### WORK REQUEST:
Leaving out all pictures, repeat exactly the lines from the one that holds "李雙傑(右)向俄羅斯友人展示《龍報》。" to the last line of the entries below.
--------------------------------------------------
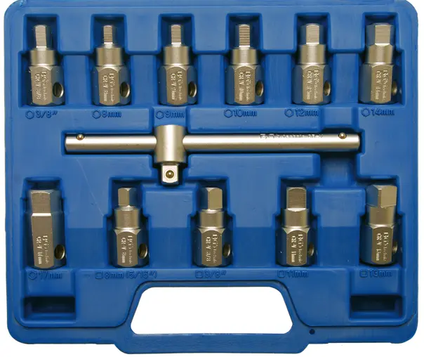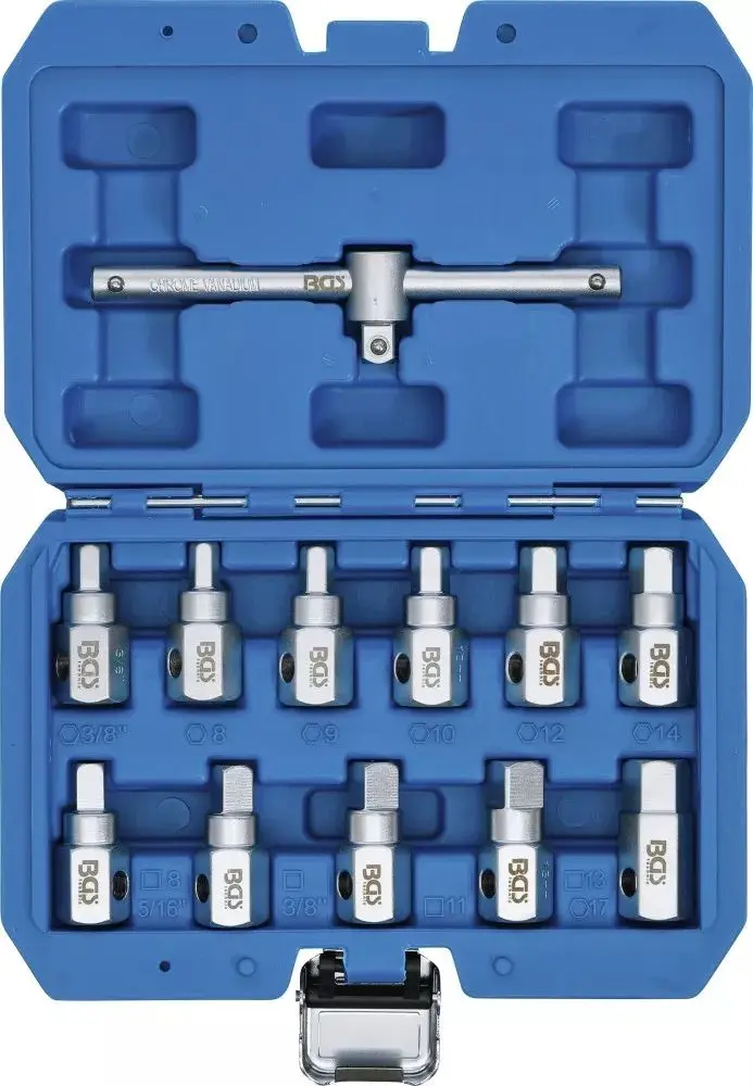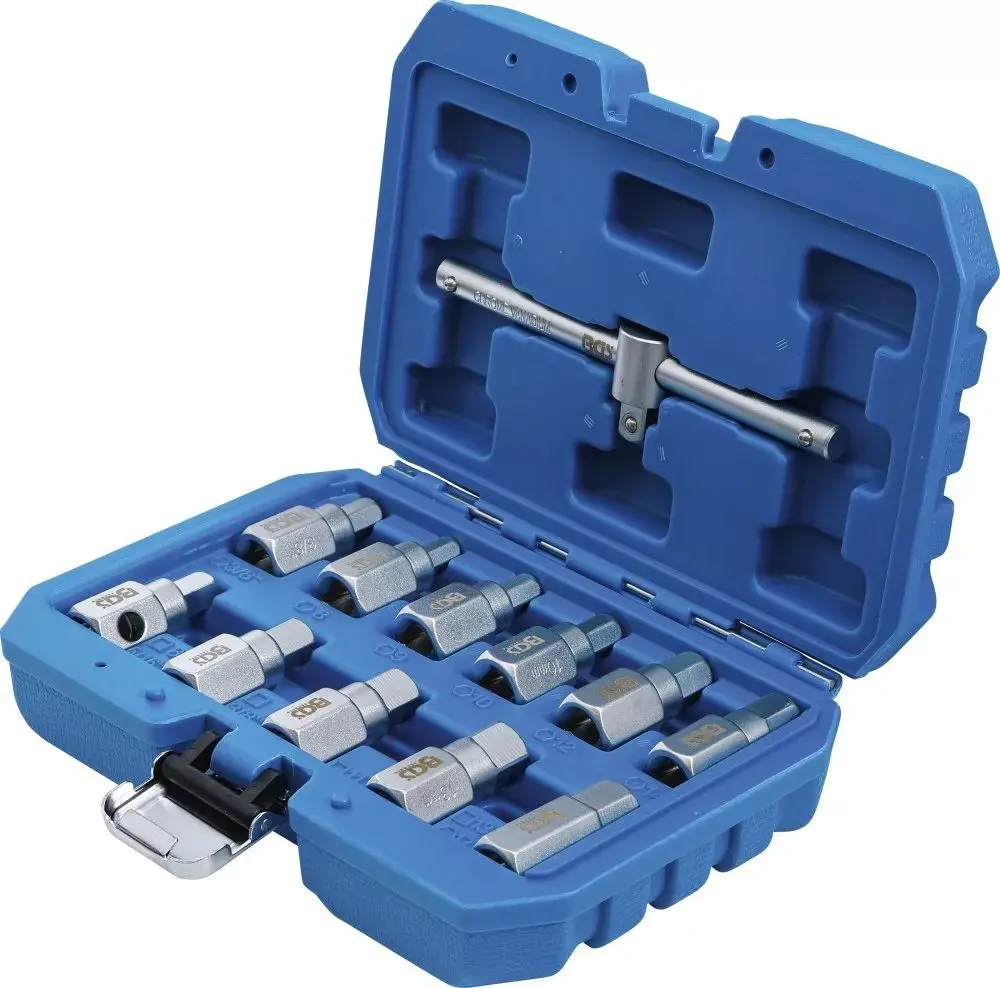 Sada zástrčných hlavic 3/8" BGS101017 obsahuje 12 dílů určených pro demontáž a montáž olejových van různých automobilů. Robustní provedení zajišťuje dlouhou životnost a spolehlivost při práci v dílně.
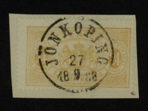 Sweden. Official Facit Tj20 on piece, 24 öre gul, tandn. 13. Litet brevstycke med praktexemplar stämplat JÖNKÖPING 27.9.1888.
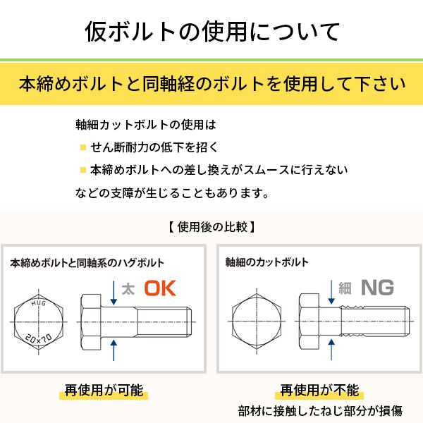 仮ボルトは必ず本締めボルトと同軸経のボルトを使用して下さい。
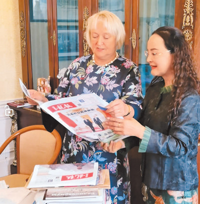 李雙傑(右)向俄羅斯友人展示《龍報》。
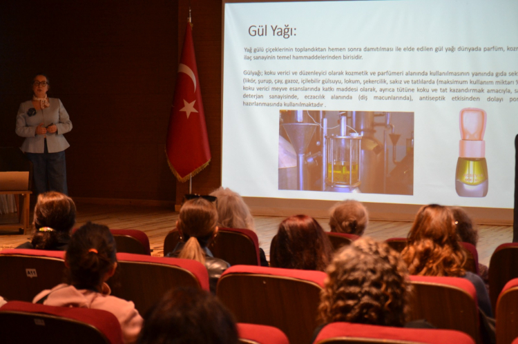 Edirne Belediyesi Atatürk Kültür Merkezi salonunda düzenlenen panelde Doç. Dr. Gedik, Edirne gülünün tarihi ve kullanım alanlarıyla ilgili sunum yaptı.
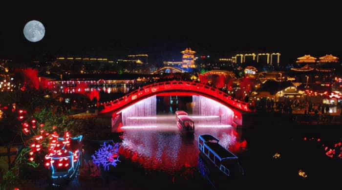 小宋城,胜似千年的“东京”夜市,里面亭台楼榭,雕梁画栋,小桥流水,锦鲤戏莲,无论外面狂风暴雨,雾霾大雪, 这里依然四季如春。汇聚了流传千年的开封传统小吃上百种,灌汤包子、无腮黄焖鱼、桶子鸡、中华一绝的齐氏大刀面、罗记炒凉粉、胡辣汤等应有尽有,是吃货的天堂。进入里面,要先买卡充值,离开退还余额。
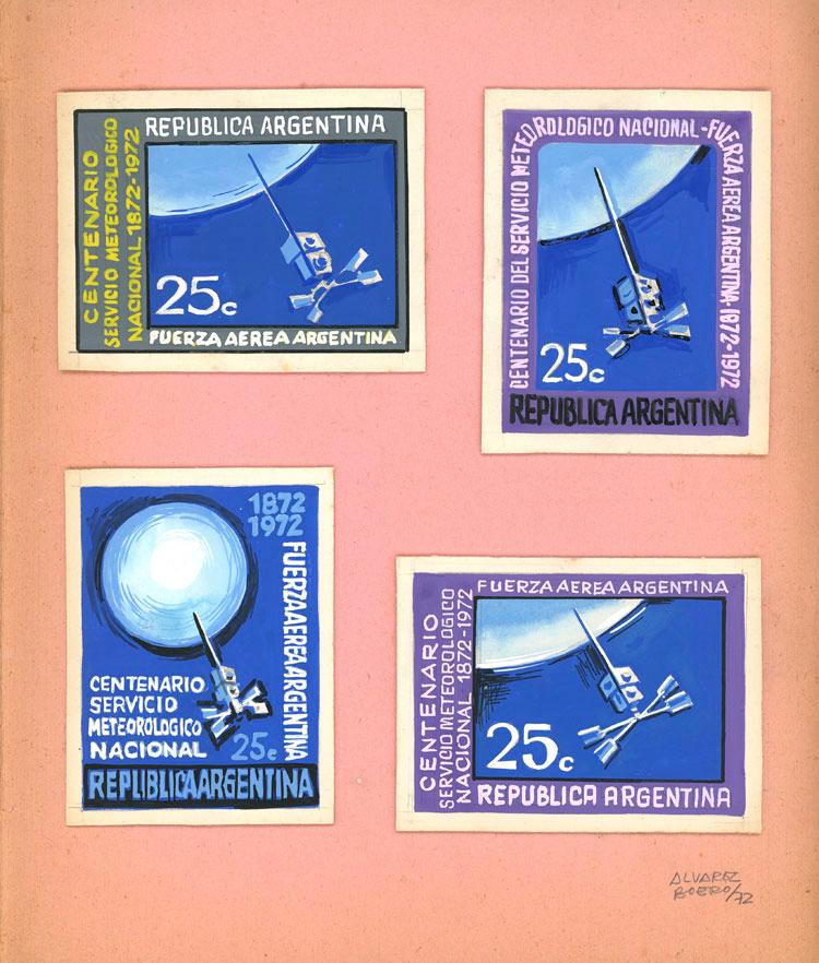 GREAT RARITY: GJ.1593, 1972 100th Anniversary of the National Weather Service of the Air Force, folder with the designs presented by the illustrator Álvarez Boero, including one similar to the adopted one. Excellent quality, unique and unrepeatable lot! (Image)
--------------------------------------------------
### REPLY TO THE TASK:
 李雙傑(右)向俄羅斯友人展示《龍報》。
 Edirne Belediyesi Atatürk Kültür Merkezi salonunda düzenlenen panelde Doç. Dr. Gedik, Edirne gülünün tarihi ve kullanım alanlarıyla ilgili sunum yaptı.
 小宋城,胜似千年的“东京”夜市,里面亭台楼榭,雕梁画栋,小桥流水,锦鲤戏莲,无论外面狂风暴雨,雾霾大雪, 这里依然四季如春。汇聚了流传千年的开封传统小吃上百种,灌汤包子、无腮黄焖鱼、桶子鸡、中华一绝的齐氏大刀面、罗记炒凉粉、胡辣汤等应有尽有,是吃货的天堂。进入里面,要先买卡充值,离开退还余额。
 GREAT RARITY: GJ.1593, 1972 100th Anniversary of the National Weather Service of the Air Force, folder with the designs presented by the illustrator Álvarez Boero, including one similar to the adopted one. Excellent quality, unique and unrepeatable lot! (Image)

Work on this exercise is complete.